There is also a companion GitHub repository with the full code, prebuilt models, and scripts: [Two-stage OCR for Linux (Edge Impulse)](https://github.com/edgeimpulse/example-ocr-linux-python).

## Prerequisites

For this tutorial, you will need:

* A Linux-based device supported by Edge Impulse (e.g. UNO Q, Rubik Pi, RB3 Gen 2, or any aarch64 Linux board with a camera).
* A webcam or CSI camera connected to your device.
* Python 3.8+ installed.
* [Edge Impulse account](https://studio.edgeimpulse.com/signup?utm_medium=outbound\&utm_source=none\&utm_campaign=21157154-new-user-acquisition_fall2025\&utm_content=ocr-tutorial) (free tier is sufficient).
* Edge Impulse Linux CLI: Install via `npm install -g edge-impulse-cli` or follow [Edge Impulse CLI docs](https://docs.edgeimpulse.com/docs/cli-installation).

If you don't have a supported board, you can test on your development machine (macOS/Linux) and later deploy to edge hardware.

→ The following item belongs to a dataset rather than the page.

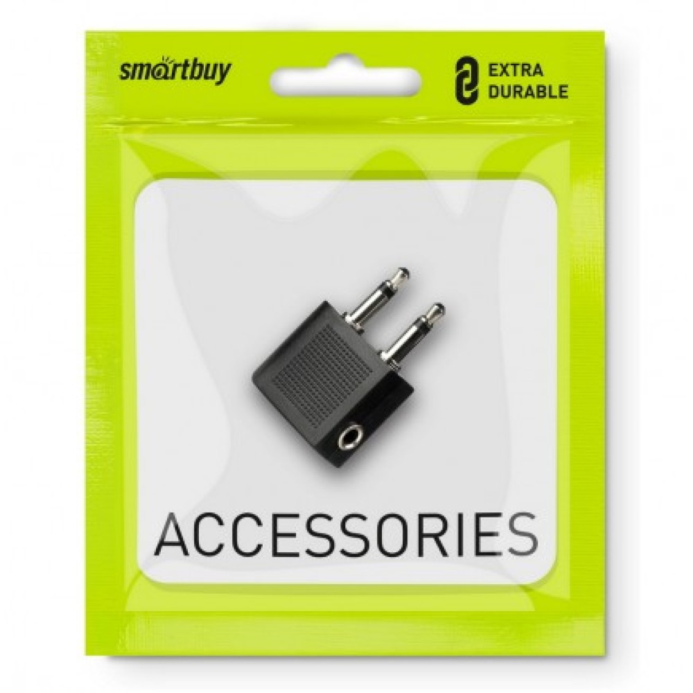 Переходник 2 х 3.5 вход - 3.5 выход для наушников в самолет SMARTBUY A209 черный – это идеальное решение для комфортного прослушивания музыки и просмотра фильмов во время авиаперелетов. Этот компактный и легкий адаптер позволяет подключить ваши стандартные наушники с разъемом 3.5 мм к бортовой аудиосистеме самолета, которая обычно оснащена двумя разъемами 3.5 мм.
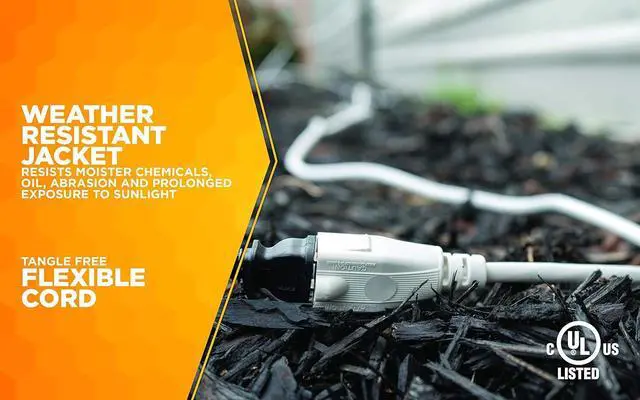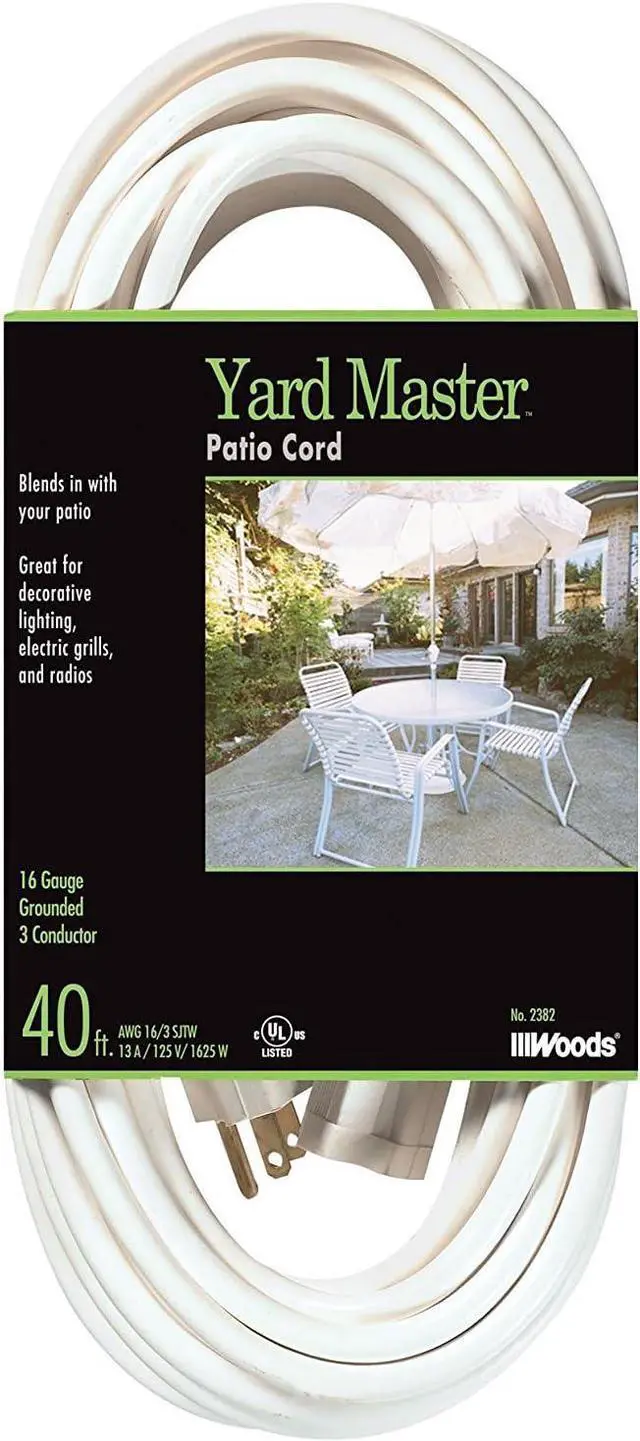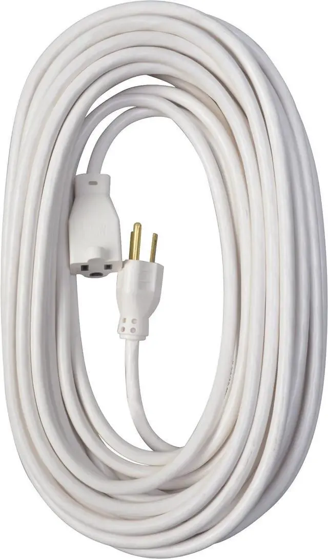 Discreet Outdoor Power: The Southwire Outdoor Extension Cord features a white jacket that blends with patios and decks, and a flexible SJTW extension design for durability

## Building your models in Edge Impulse

This OCR pipeline uses two imported models via Bring Your Own Model (BYOM):

* **Text Detector** (object detection, single-class): Locates text bounding boxes using the pretrained PaddleOCR detector.
* **Text Recognizer** (freeform output): Reads text from cropped regions. Must be the pretrained PaddleOCR recognizer.

### Upload the Text Detector model

* Download the PaddleOCR detector ONNX from Hugging Face: [monkt/paddleocr-onnx](https://huggingface.co/monkt/paddleocr-onnx) (`det.onnx`).
* Create a new Edge Impulse project (e.g., "PaddleOCR Detector - Pretrained").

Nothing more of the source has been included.